The measures will be announced in the next few weeks and come as the game is facing unprecedented financial problems. They follow a large-scale survey by Mori commissioned by Adam Crozier, the FA's chief executive, soon after his appointment two-and-a-half years ago.

The survey, involving thousands of interviews at all levels of the game, delivers the chilling verdict that only a dramatic – and draconian – restructuring of the game's finances can head off a disastrous decline in its role as a cornerstone of national life.

The first result of the Mori findings will be the setting up of an American-style clearing house to monitor and supervise all transfer deals. It will also monitor the role of players' agents, who have over recent years been driving up the wages of individual players while often flouting the terms and the spirit of existing contracts.
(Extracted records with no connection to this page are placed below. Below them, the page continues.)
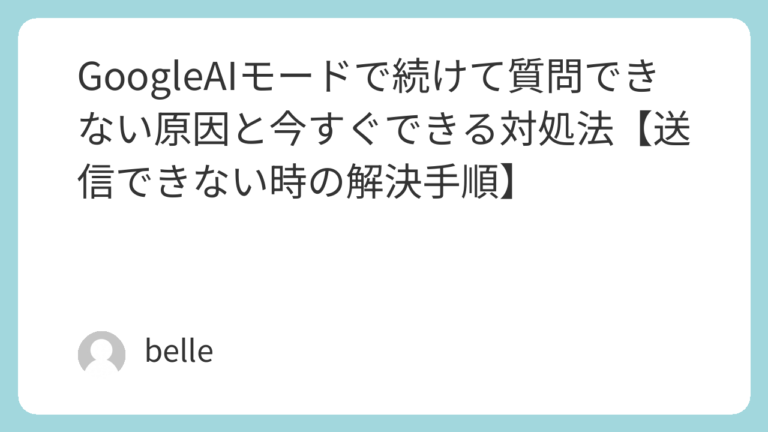 GoogleAIモードで「1回しか質問できない」「送信ボタンが反応しない」といった不具合が起きると、不安になりますよね。しかし多くの場合は、ブラウザや通信環境など一時的な原因によるものです。本記事では、原因の切り分け方から具体的な解決手順までをわかりやすく解説しています。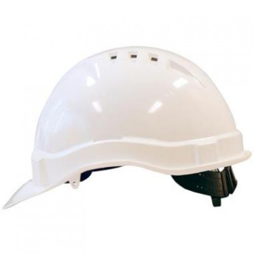 De M-Safe MH6000 veiligheidshelm met schuifinstelling biedt uw klant uitstekende hoofdbescherming. De HDPE helm heeft een gemakkelijk vervangbare badstof zweetband en drie ventilatiegaten aan weerszijden.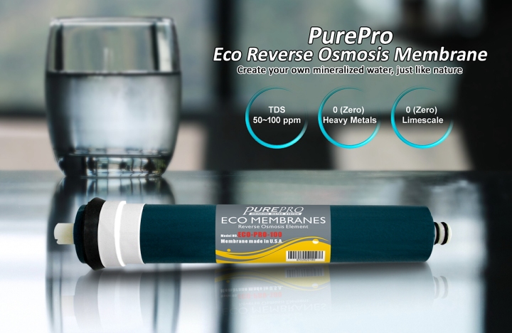 PurePro Eco RO membrane removes bacteria, viruses, heavy metals, viral contaminants, and other dangerous elements while still allowing valuable minerals to pass through, for your body to absorb. Drinking water should contain minimum levels of certain essential minerals. PurePro Eco RO membrane retains Calcium, Magnesium, Potassium and other natural minerals. PurePro is proud to introduce our newly designed residential Eco RO membrane elements # ECO-PRO-100.
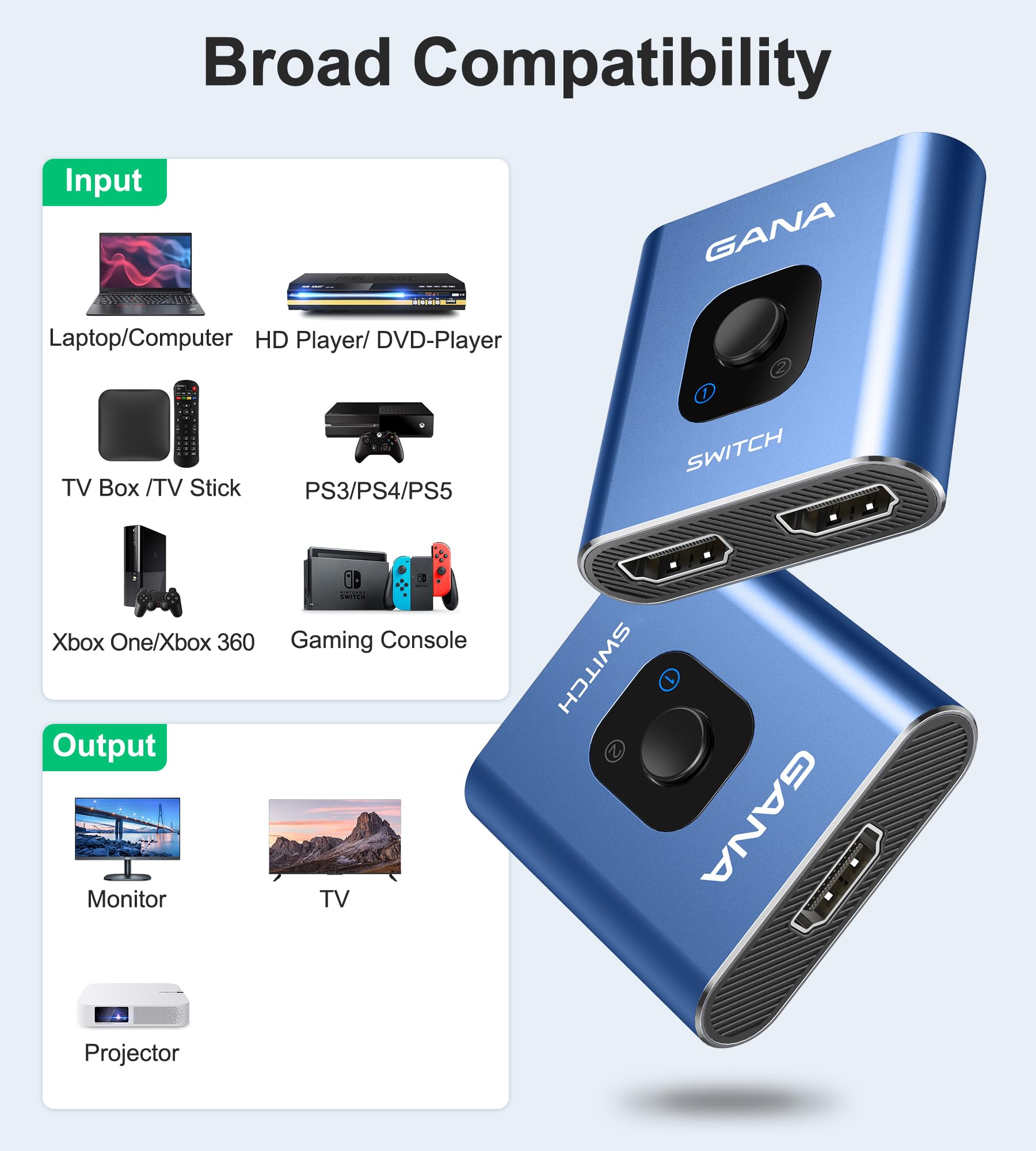 【Broad Compatibility】 HDMI Splitter Switcher compatible for most standard HDMI port devices. Support Input: Laptops, computer, XBox 360, XBox One, PS4/ PS5 ,Blu-Ray DVD player etc. Output: HD-Ready or Full HD TVs, monitors, projectors etc.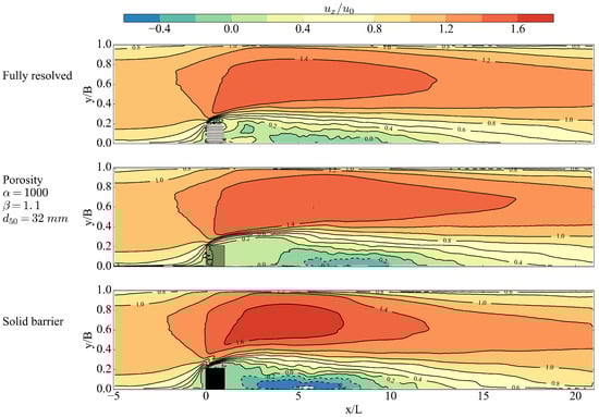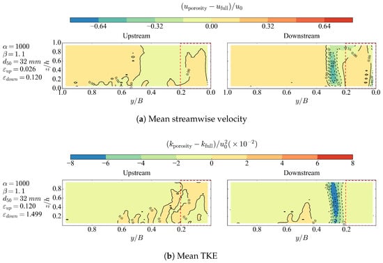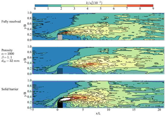 In-stream structures also affect river morphology by changing sediment transport. Thus, near-bed turbulence, the driver of sediment motion, is evaluated. The time-averaged TKE near the bed is used as a proxy for sediment entrainment capacity []. The near-bed TKE distributions are plotted in Figure 12. The data were sampled at a height of 15 mm above the bed. From the comparison, it is observed that the porosity model gave a better match with the fully-resolved case. The porosity model underestimated TKE in the shear layer, and the shear layer itself was delayed. The solid barrier case greatly overestimated TKE in the shear layer. Thus, from the sediment transport point of view, the solid barrier approximation to the ELJ will over-predict the scour hole around the structure.

There will be discussions between the Premiership, Football League, the FA and the Professional Footballers' Association on the pressing need to cap salaries and general budgets, which is a concept long accepted in the multi-million-dollar professional sports industry in the United States.

In an exclusive interview, Mr Crozier told The Independent: "Football has gone through a period of monumental growth and it has to be recognised that no business can ever keep going like that. It has to level off at some point. The trick is to sort yourself out before it does."

Ironically, the Mori report, which in essence tells football to change its financial thinking or die, arrived at the FA's Soho Square offices just before the collapse of ITV Digital, which is costing Football League clubs about £140m of largely mortgaged income and threatening the survival of at least half of them.

Mr Crozier added: "This whole survey took nine months and it leaves no doubt that one issue, whether you are a Sunday morning player or someone right at the top, stands above all – it is finance and its effect on football.

"It has confirmed our belief that the long-term viability of the game has to be at the top of our priorities. There are lots of people in football who want it to work and what we have to do is get together with all elements in the game and find a way that works for everybody.

"Maybe this won't be in the way everyone envisages, and certainly not the way it has always been, but life is changing for everyone these days and football cannot hope to be an exception.

"We have to start this whole exercise from the position that football is the national game and people love it. So we have got to make it work in new conditions. The instinct here at the FA is to create a sense of controlled change. Rather than seeing the need for change as a bad thing, it has to be embraced by everybody who grasps that football matters so much to so many people. We should know now that in a few short weeks only God knows how many things can happen in football.

"We can't just sit around saying we want everything to stay the same. That's just not going to happen. It can't happen."

Mr Crozier, the former chief executive of the Saatchi & Saatchi advertising company, recognises that he faces his biggest challenge. He has to lead the fight to rationalise the wild economics of English football.